New Men in a New Land. Out of the Mexican revolution has come both a vigorous new middle class, where nothing like it existed before, and a new rich to take the place of the oldtime aristocracy. Domestic tranquillity, world war and the Alemán era of growth and expansion gave great impetus to the process. The very country has changed and matured, a fact that helps account for the rise of such a leader as Adolfo Ruiz Cortines.
Even on the scarred grey face of the Mexican countryside, tilled for more than a thousand years by pointed sticks, changes are visible. South of the Rio Grande near Matamoros grow great fields of cotton, where only mesquite flourished 15 years ago. In booming Lower California, Mexico's newest state, ranchers have sown the republic's biggest wheat fields in reclaimed desert land, and set out hundreds of thousands of fruit and nut trees beside newly driven artesian wells. Among the volcano-ringed Puebla valleys, water led 7 miles through new mountain tunnels has brought record crops of corn and beans. Since World War II, Mexico has switched the emphasis from the revolution-blessed ejido (communal farm) to the privately owned farm, and with men on tractors tilling their own land there has been a healthy rise in food output.
Slicing through the cloud-mantled mountains and the coastal rain forests, through cactus-fenced pastures and corn-clad canyons, four major paved highways now march from the U.S. border to Mexico City. New roads, rebuilt railroads and oil pipelines now crisscross the countryside. Some sleepy towns of yesterday have become buzzing 20th century cities. Colonial Salamanca, seat of the government's big new oil refinery, looks like a Texas oil town by night, with its orange flares glowing over pipes and vents.

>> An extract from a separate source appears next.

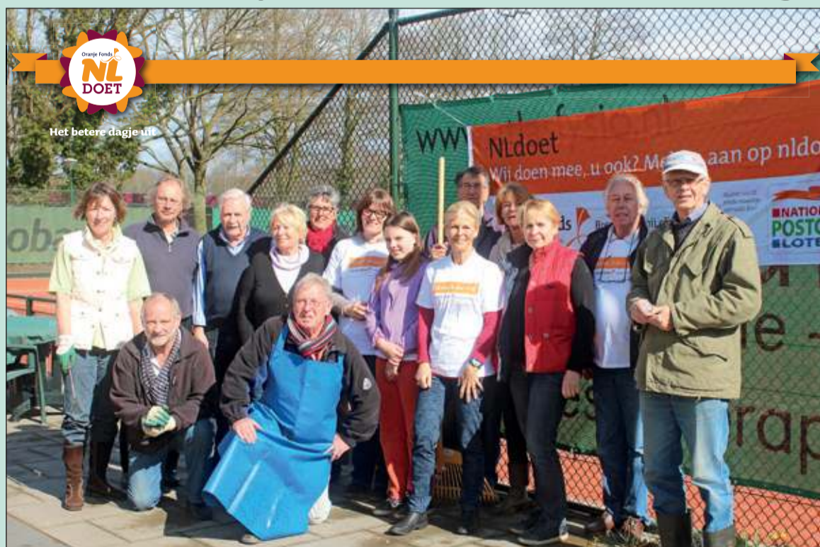
Tennisvereniging Hollandsche Rading doet al jaren mee aan NLdoet. Vrijwilligers en leden maakten zaterdag 22 maart in gezamenlijkheid alles klaar voor het zomerseizoen.

Mexico City, now the continent's No. 3 city, with well over 3,000,000 inhabitants, is as jammed with new buildings as Houston. Skyscrapers, one of them 43 stories high, soar above its Spanish church towers. Along its principal avenues flow rivers of cars, most of them assembled in Mexico (in U.S.-owned branch plants). From hundreds of sleek factories on the outskirts come office furniture, cosmetics and toilet articles, trucks and buses, cortisone and refrigerators. Along broad Insurgentes Avenue, one of the hemisphere's brightest shopping centers, Mexicans can buy a Jaguar, a cabin cruiser, a Paris gown, a set of tubular-steel garden furniture.